Copilot commented on code in PR #13745:
URL: https://github.com/apache/skywalking/pull/13745#discussion_r2971554021



##########
oap-server/analyzer/gen-ai-analyzer/src/main/java/org/apache/skywalking/oap/analyzer/genai/service/GenAIMeterAnalyzer.java:
##########
@@ -0,0 +1,130 @@
+/*
+ *   Licensed to the Apache Software Foundation (ASF) under one or more
+ *   contributor license agreements.  See the NOTICE file distributed with
+ *   this work for additional information regarding copyright ownership.
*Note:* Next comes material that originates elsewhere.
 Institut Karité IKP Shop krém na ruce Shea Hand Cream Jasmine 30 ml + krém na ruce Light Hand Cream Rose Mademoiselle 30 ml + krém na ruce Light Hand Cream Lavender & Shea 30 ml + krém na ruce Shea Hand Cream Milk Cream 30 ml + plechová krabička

+ *   The ASF licenses this file to You under the Apache License, Version 2.0
+ *   (the "License"); you may not use this file except in compliance with
+ *   the License.  You may obtain a copy of the License at
+ *
+ *       http://www.apache.org/licenses/LICENSE-2.0
+ *
+ *   Unless required by applicable law or agreed to in writing, software
+ *   distributed under the License is distributed on an "AS IS" BASIS,
+ *   WITHOUT WARRANTIES OR CONDITIONS OF ANY KIND, either express or implied.
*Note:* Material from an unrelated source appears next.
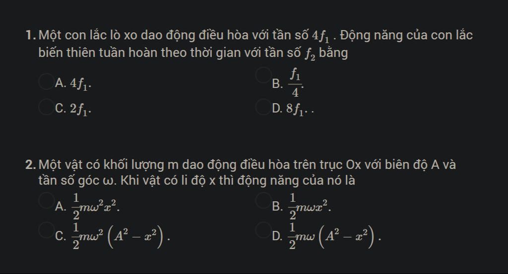 Tần số dao động của động năng là `f' = 2f = 8f_1`
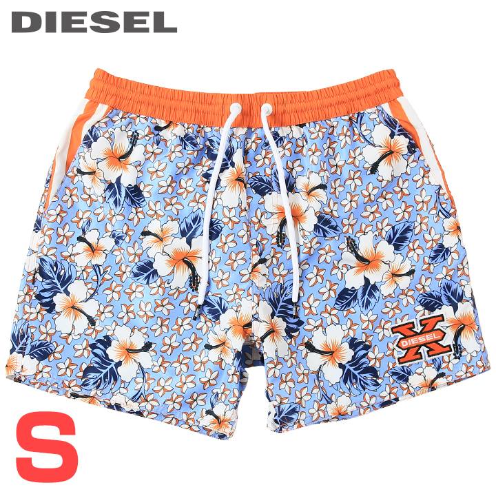■DIESEL ディーゼル メンズ■ボタニカル総柄 メンズ水着 男性水着 ショートトランクス サーフパンツ 海パン ビーチウェア スイムウェア【BMBX-CAYBAY】【サイズS】【ライトブルー×オレンジ】die-m-c-f4-c14 《_メーカー希望小売価格17,380円》

+ *   See the License for the specific language governing permissions and
+ *   limitations under the License.
+ */
+
+package org.apache.skywalking.oap.analyzer.genai.service;
+
+import org.apache.skywalking.apm.network.common.v3.KeyStringValuePair;
+import org.apache.skywalking.apm.network.language.agent.v3.SegmentObject;
+import org.apache.skywalking.apm.network.language.agent.v3.SpanObject;
+import org.apache.skywalking.oap.analyzer.genai.config.GenAIConfig;
+import org.apache.skywalking.oap.analyzer.genai.config.GenAITagKey;
+import 
org.apache.skywalking.oap.analyzer.genai.matcher.GenAIProviderPrefixMatcher;
+import org.apache.skywalking.oap.server.core.analysis.IDManager;
+import org.apache.skywalking.oap.server.core.analysis.Layer;
+import org.apache.skywalking.oap.server.core.analysis.TimeBucket;
+import org.apache.skywalking.oap.server.core.source.GenAIMetrics;
+import org.apache.skywalking.oap.server.library.util.StringUtil;
+import org.slf4j.Logger;
+import org.slf4j.LoggerFactory;
+
+import java.util.Map;
+
+import static java.util.stream.Collectors.toMap;
+
+public class GenAIMeterAnalyzer implements IGenAIMeterAnalyzerService {
+
+    private static final Logger LOG = 
LoggerFactory.getLogger(GenAIMeterAnalyzer.class);
+
+    private final GenAIProviderPrefixMatcher matcher;
+
+    public GenAIMeterAnalyzer(GenAIProviderPrefixMatcher matcher) {
+        this.matcher = matcher;
+    }
+
+    @Override
+    public GenAIMetrics extractMetricsFromSWSpan(SpanObject span, 
SegmentObject segment) {
+        Map<String, String> tags = span.getTagsList().stream()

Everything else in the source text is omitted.